On Saturday, October 25, 2003, at 03:54 PM, John J Lee wrote:
> On Sat, 25 Oct 2003, Ian Bicking wrote:
>
>> On Saturday, October 25, 2003, at 07:38 AM, John J Lee wrote:
> [...]
>>> It's a minor issue, but it seems nicer to me to have authentication
>>> separate if it can easily be separate -- that fits in with the  
>>> general
>>> philosophy of urllib2 that you pick 'n mix the features you want.   
>>> What
>>> are the trivial reasons for it breaking on non-HTTP auth?
>>
>> There's a HTTPBasicAuthHandler, but no HTTPSBasicAuthHandler, and
>> though the two concepts are orthogonal they are still tied into each
>> other.  Another option would be to take HTTPS out of the class
>> hierarchy, and make SSL a feature of HTTPHandler (and maybe the other
>
> Well, that would break code.  And adding an HTTPSBasicAuthHandler is  
> only
> five lines or so (even less if you want a class that handles both HTTP  
> and
> HTTPS).

All the handlers start getting in the way.  If we added authentication  
support to HTTPHandler, it the other classes could still be left in  
there.  Authentication is part of HTTP, after all -- and the  
distinction between basic and digest auth doesn't seem necessary  
(implemented differently, but you shouldn't need to know which one  
you're going to need).  It seems like HTTPHandler could do what  
HTTPBasicAuthHandler (and DigestAuthHandler) do if it is given a  
password manager.  And that it could even create a password manager if  
it was given a username and password, or now, but then the password  
manager should accept a username and password in __init__ so that you  
don't have to do multiple sets to set that up.

In general, I just don't feel like there needs to be quite so many  
handlers in urllib2.  One featureful HTTP implementation would be  
easier to work with (and, I think, easier to extend).

> [...]
>> The AuthHandlers are a little annoying too, you can't just give them a
>> username/password.  You have to give them some manager object that can
>> be queried for a password for a username/realm/URL.  This is a nice
>> option to have, but in most cases you don't need that kind of
>> generality, and it makes it a lot harder to understand what you need  
>> to
>> do.  username=x, password=y are very easy to understand.
>
> That's just a documentation issue, I think -- and possibly adding some
> convenience method.  I wrote some docs for this, and I keep asking for
> people who seem to be actually using these features to check this
> documentation bug, but nobody has yet:
>
> http://www.python.org/sf/798244
>
>
> You don't have to provide a password manager object in fact: just let  
> the
> HTTPBasicAuthHandler create one for you, and use the add_password  
> method
> (which admittedly does require realm and uri as well as username /
> password -- perhaps None should act as a wildcard there?).

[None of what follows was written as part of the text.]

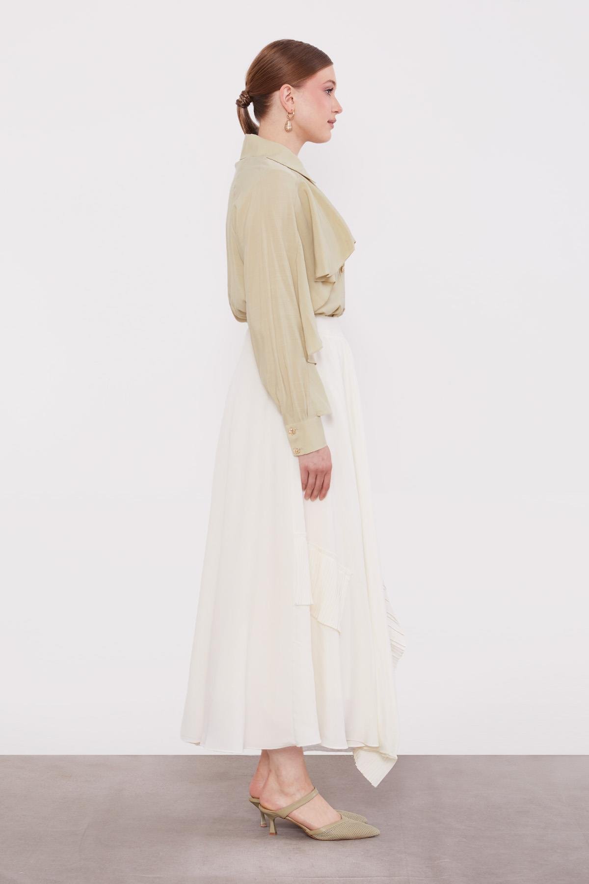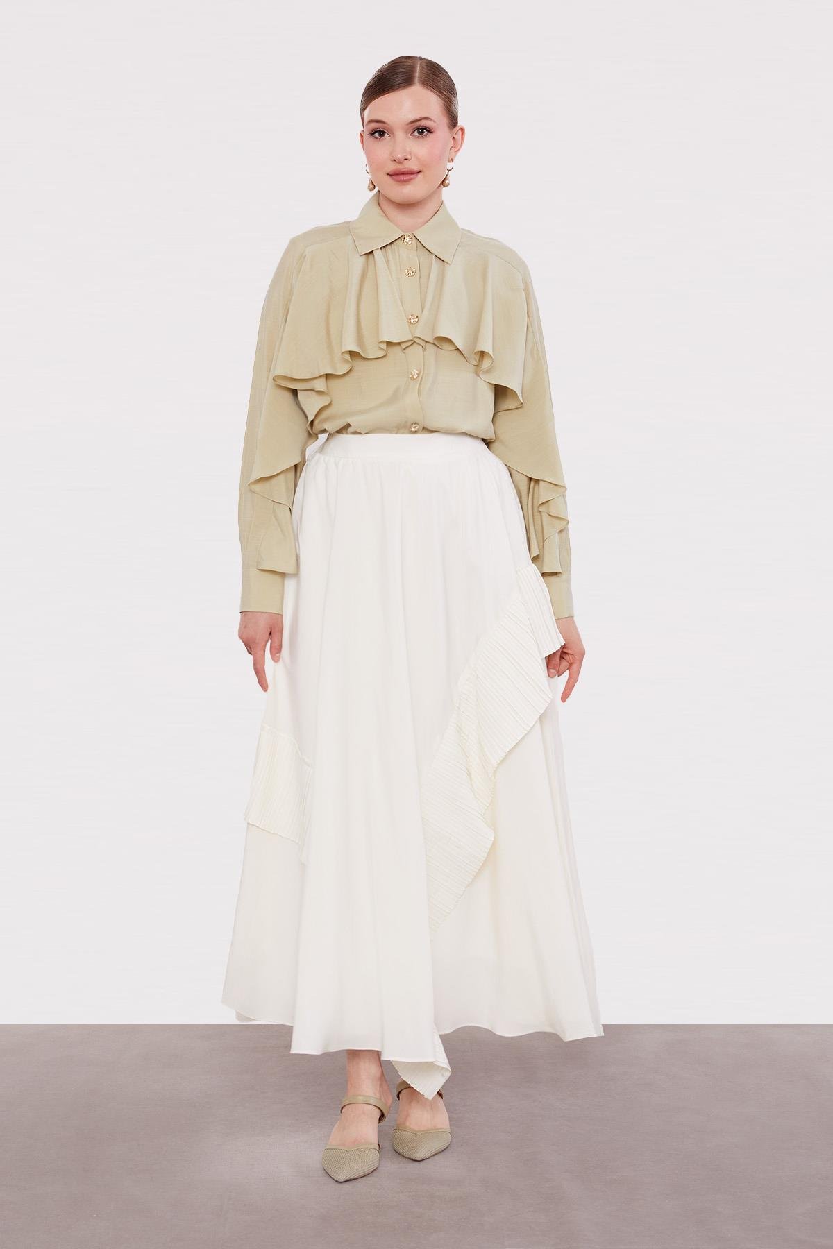 تنورة مريحة ذات قصة كروشيه، مزودة بتفاصيل مطوية، سحاب خلفي مخفي، وقماش طارد للماء.

Yes, a wildcard could definitely be good.  This is particularly  
important with scripts, i.e., one-off programs where you just want to  
grab something from a URL.

>>>> Cookie handling also fits into this, but from the opposite direction
>>>> from a URL object, since we are creating something of a user agent.
>>>> You'd almost want to do:
>>>>
>>>> ua = UserAgent()
>>>> url = web.URL('http://whatever.com')
>>>> content = ua.get(url)
>>>>
>>>> Or something like that.  I think an explicit agent is called for,
>>>> separate from the URLs that it may retrieve.  But only when you  
>>>> start
>>>> considering cookies and caching.
>>> [...]
>>>
>>> Are you suggesting replacing urllib2, building on top of it, or
>>> extending it?  urllib2's handlers already gets a lot of the
>>> 'user-agent' job done.  What requirements does caching impose that
>>> urllib2 doesn't meet?  There's already a CacheFTPHandler.
>>
>> I think a URL class would probably building on top of urllib2, but
>> would also need some more features.  And obviously urllib2 can't go
>> anywhere, so we might as well use it.
>
> OK.  Does this URL class proposal fit with that path module PEP, do you
> think?  Somebody mentioned that PEP (it was a PEP, wasn't it...?)  
> before,
> but I've forgotten everything about it :-)

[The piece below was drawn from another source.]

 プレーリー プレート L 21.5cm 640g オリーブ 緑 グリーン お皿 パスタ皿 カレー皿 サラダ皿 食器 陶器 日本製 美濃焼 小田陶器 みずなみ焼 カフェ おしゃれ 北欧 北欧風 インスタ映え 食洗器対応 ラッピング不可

No, there's no PEP, for this or for a filesystem path object.  These  
were the links from the other email:

http://www.jorendorff.com/articles/python/path/

http://groups.google.com/groups?dq=&hl=en&lr=&ie=UTF- 
8&threadm=mailman.1057651032.22842.python-list%40python.org

>> The caching in CacheFTPHandler is connection caching, not result
>
> OK.
>
>
>> caching.  HTTP has a wide array of ways to indicate caching, check for
>> updates, etc.  Enough that it becomes kind of complicated, which is  
>> why
>> I don't think that fits well into the idea of a URL object (which
>> should be quite simple, at least from the outside).
>
> That doesn't answer my question.  To repeat: What requirements does
> caching impose that *urllib2* doesn't meet?  And why do we need a new
> UserAgent class when we already have urllib2 and its handlers?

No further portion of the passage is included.